*** Begin section ***
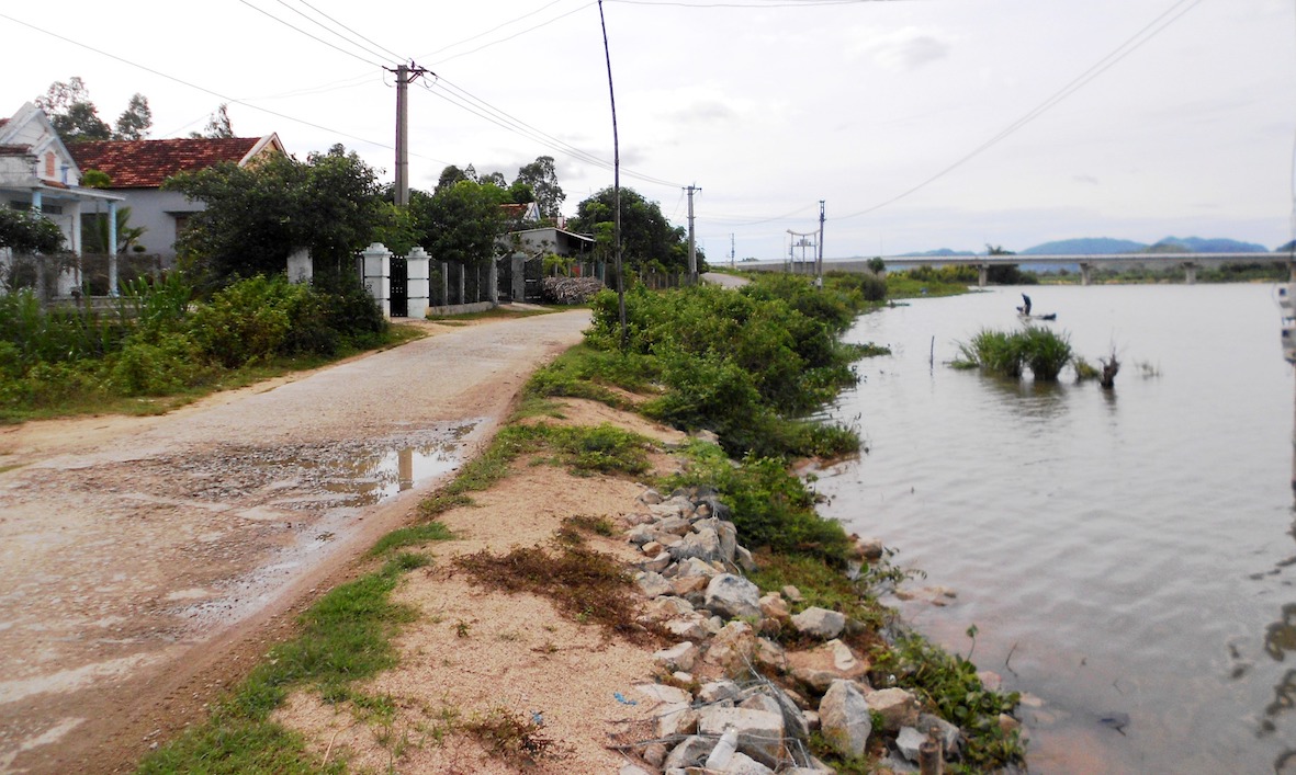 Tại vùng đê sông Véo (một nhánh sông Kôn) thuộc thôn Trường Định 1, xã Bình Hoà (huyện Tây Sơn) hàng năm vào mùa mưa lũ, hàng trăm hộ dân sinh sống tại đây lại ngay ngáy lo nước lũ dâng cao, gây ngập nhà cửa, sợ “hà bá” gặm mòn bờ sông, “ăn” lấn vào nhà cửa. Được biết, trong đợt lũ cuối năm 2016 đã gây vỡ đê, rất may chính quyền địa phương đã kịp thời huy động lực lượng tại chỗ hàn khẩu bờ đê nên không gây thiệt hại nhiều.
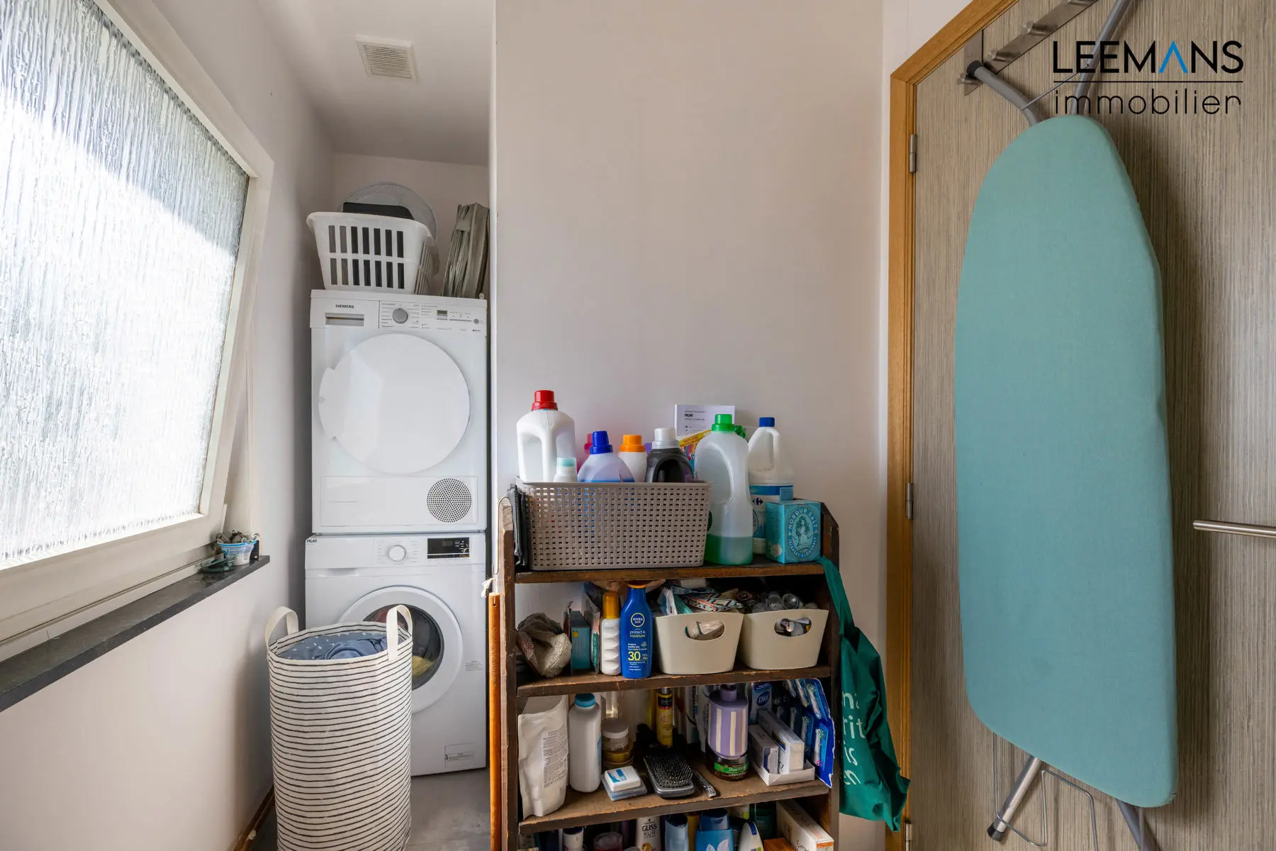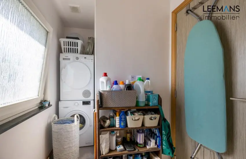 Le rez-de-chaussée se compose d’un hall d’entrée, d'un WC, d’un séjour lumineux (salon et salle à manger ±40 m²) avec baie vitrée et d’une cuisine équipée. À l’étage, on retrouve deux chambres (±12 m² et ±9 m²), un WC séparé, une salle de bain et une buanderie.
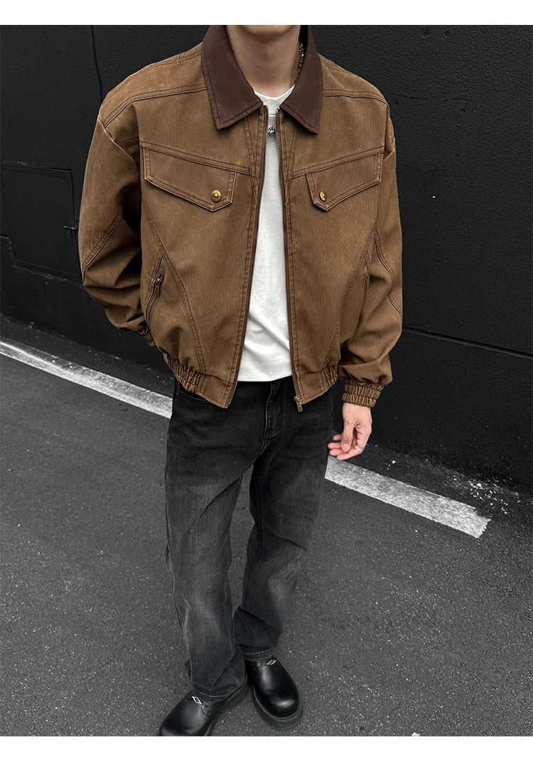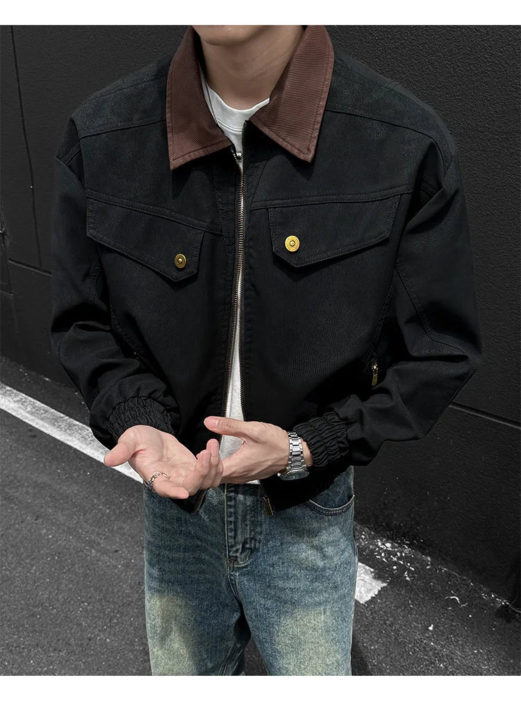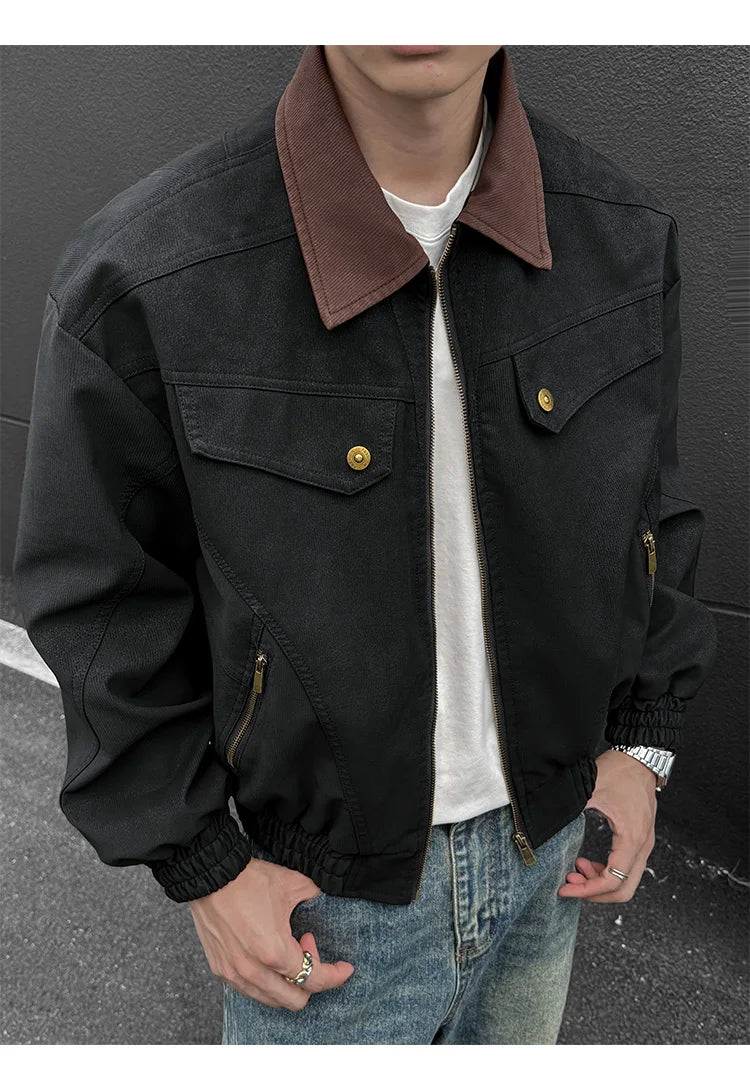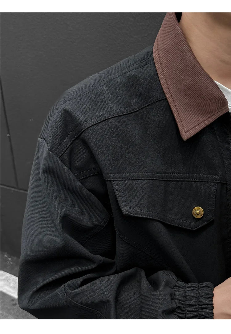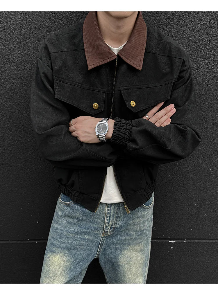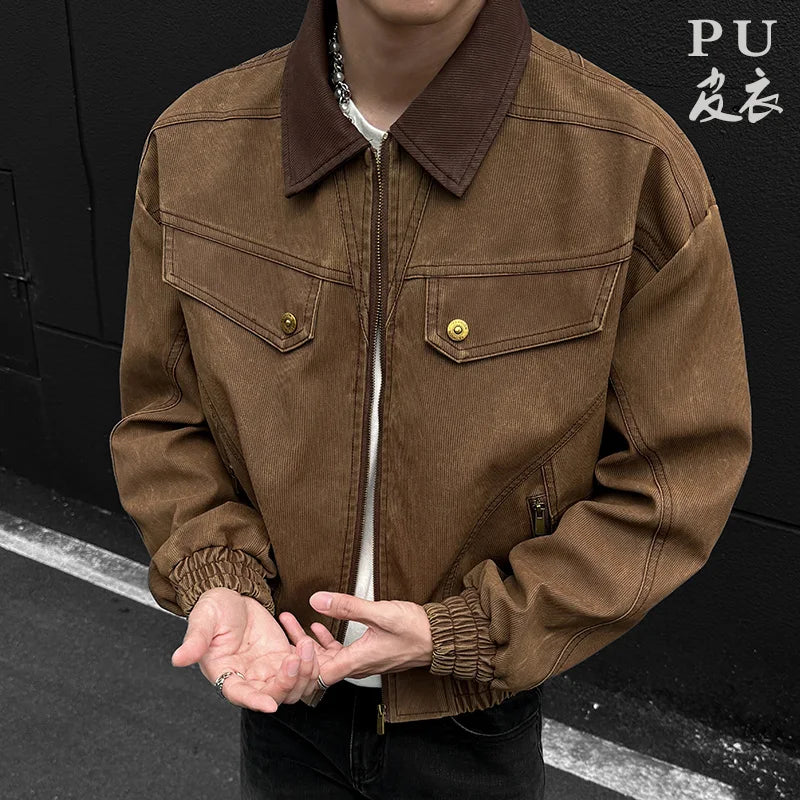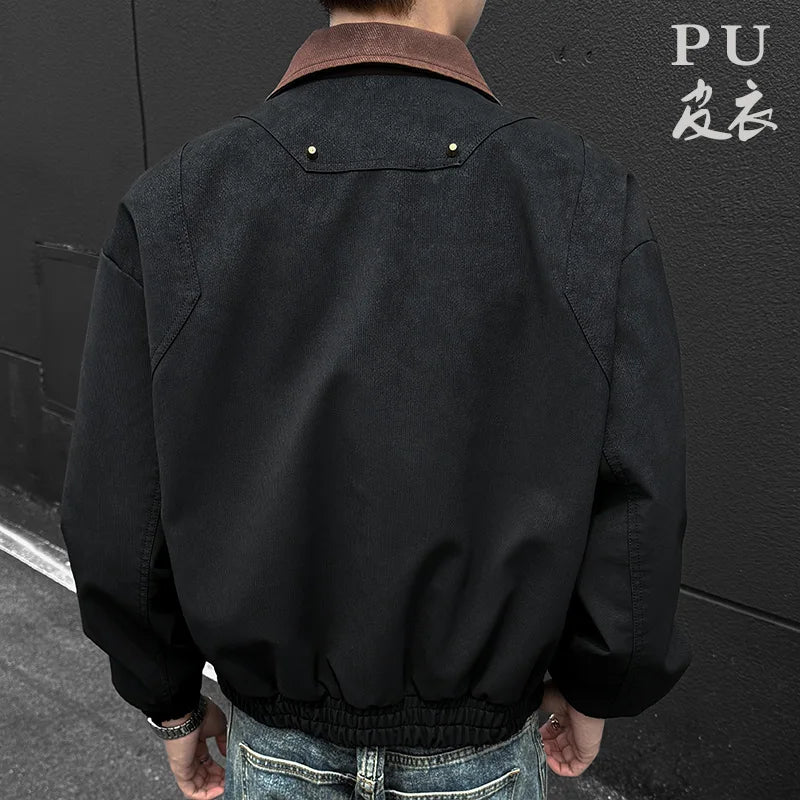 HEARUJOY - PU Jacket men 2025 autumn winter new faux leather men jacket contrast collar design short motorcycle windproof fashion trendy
*** End section ***
I would like the material repeated in full and exactly, with its images omitted.

 Tại vùng đê sông Véo (một nhánh sông Kôn) thuộc thôn Trường Định 1, xã Bình Hoà (huyện Tây Sơn) hàng năm vào mùa mưa lũ, hàng trăm hộ dân sinh sống tại đây lại ngay ngáy lo nước lũ dâng cao, gây ngập nhà cửa, sợ “hà bá” gặm mòn bờ sông, “ăn” lấn vào nhà cửa. Được biết, trong đợt lũ cuối năm 2016 đã gây vỡ đê, rất may chính quyền địa phương đã kịp thời huy động lực lượng tại chỗ hàn khẩu bờ đê nên không gây thiệt hại nhiều.
 Le rez-de-chaussée se compose d’un hall d’entrée, d'un WC, d’un séjour lumineux (salon et salle à manger ±40 m²) avec baie vitrée et d’une cuisine équipée. À l’étage, on retrouve deux chambres (±12 m² et ±9 m²), un WC séparé, une salle de bain et une buanderie.
 HEARUJOY - PU Jacket men 2025 autumn winter new faux leather men jacket contrast collar design short motorcycle windproof fashion trendy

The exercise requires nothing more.